> _PROBLEM DESCRIPTION_
From the material below, please set down exactly the lines starting with the one with "निर्माण कार्यको वोलपत्र" and going on through the one with "Ich mag diese", without a single picture.

> _RECORDS SUPPLIED_
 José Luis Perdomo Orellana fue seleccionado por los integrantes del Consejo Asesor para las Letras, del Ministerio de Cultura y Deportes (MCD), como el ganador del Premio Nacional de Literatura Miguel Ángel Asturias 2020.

--

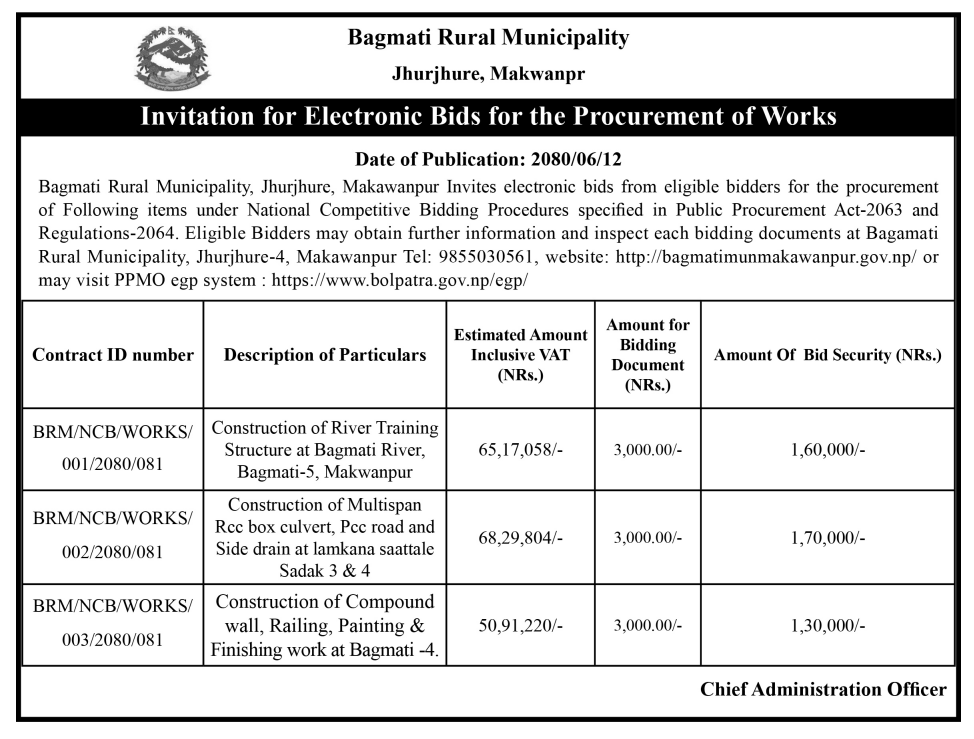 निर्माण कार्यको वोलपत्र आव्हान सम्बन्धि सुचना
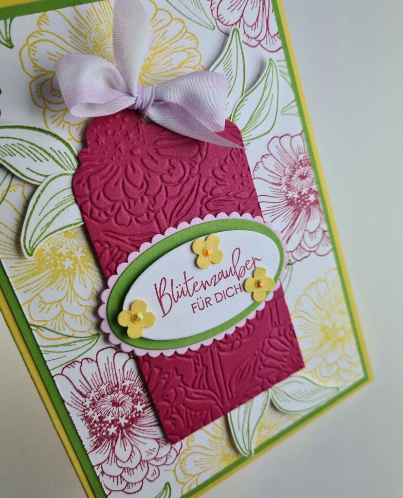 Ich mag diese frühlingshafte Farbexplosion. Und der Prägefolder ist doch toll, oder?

...

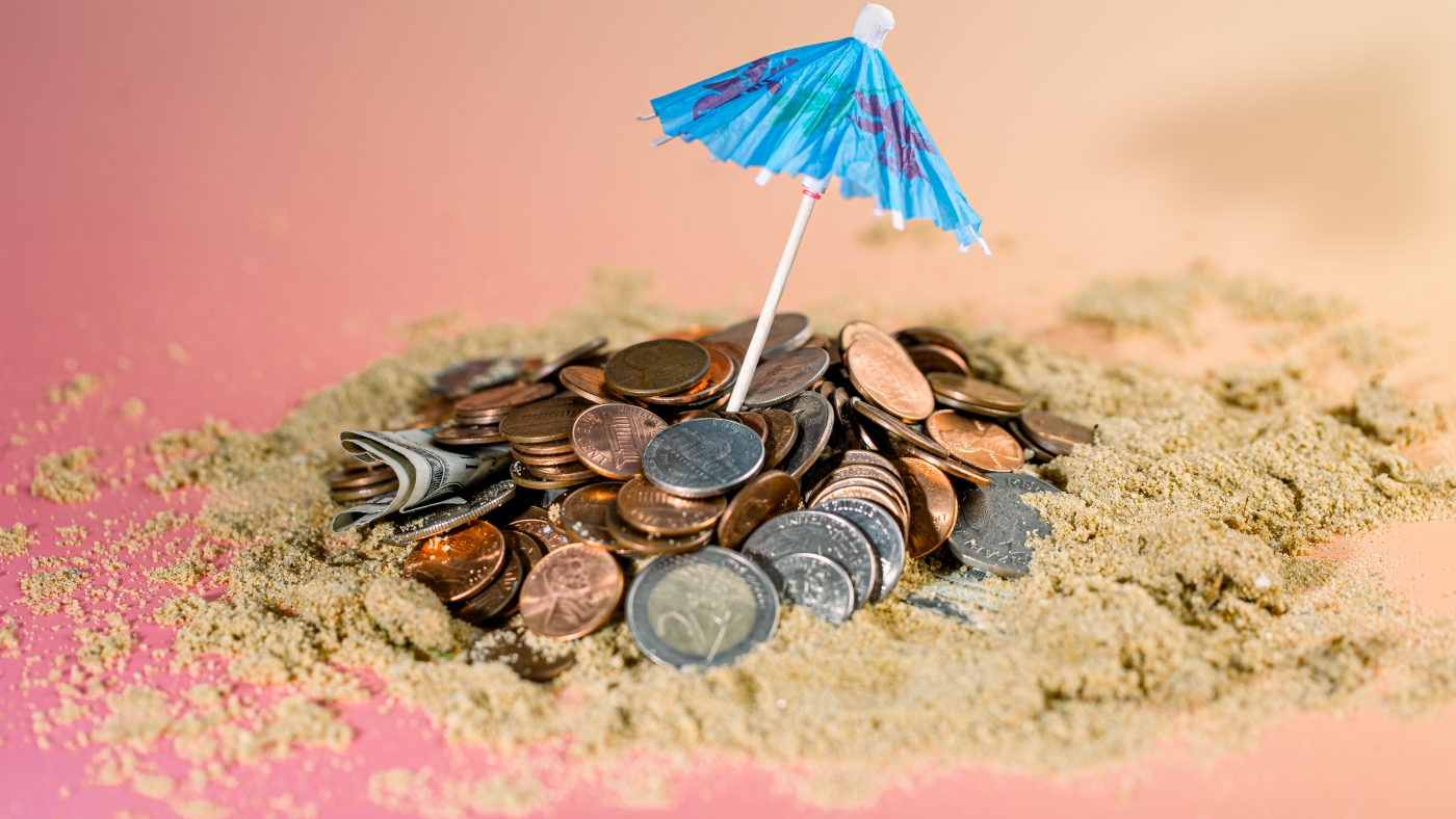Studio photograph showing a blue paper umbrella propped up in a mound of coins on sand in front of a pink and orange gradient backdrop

> _RESULT OF THE EXERCISE_
 निर्माण कार्यको वोलपत्र आव्हान सम्बन्धि सुचना
 Ich mag diese frühlingshafte Farbexplosion. Und der Prägefolder ist doch toll, oder?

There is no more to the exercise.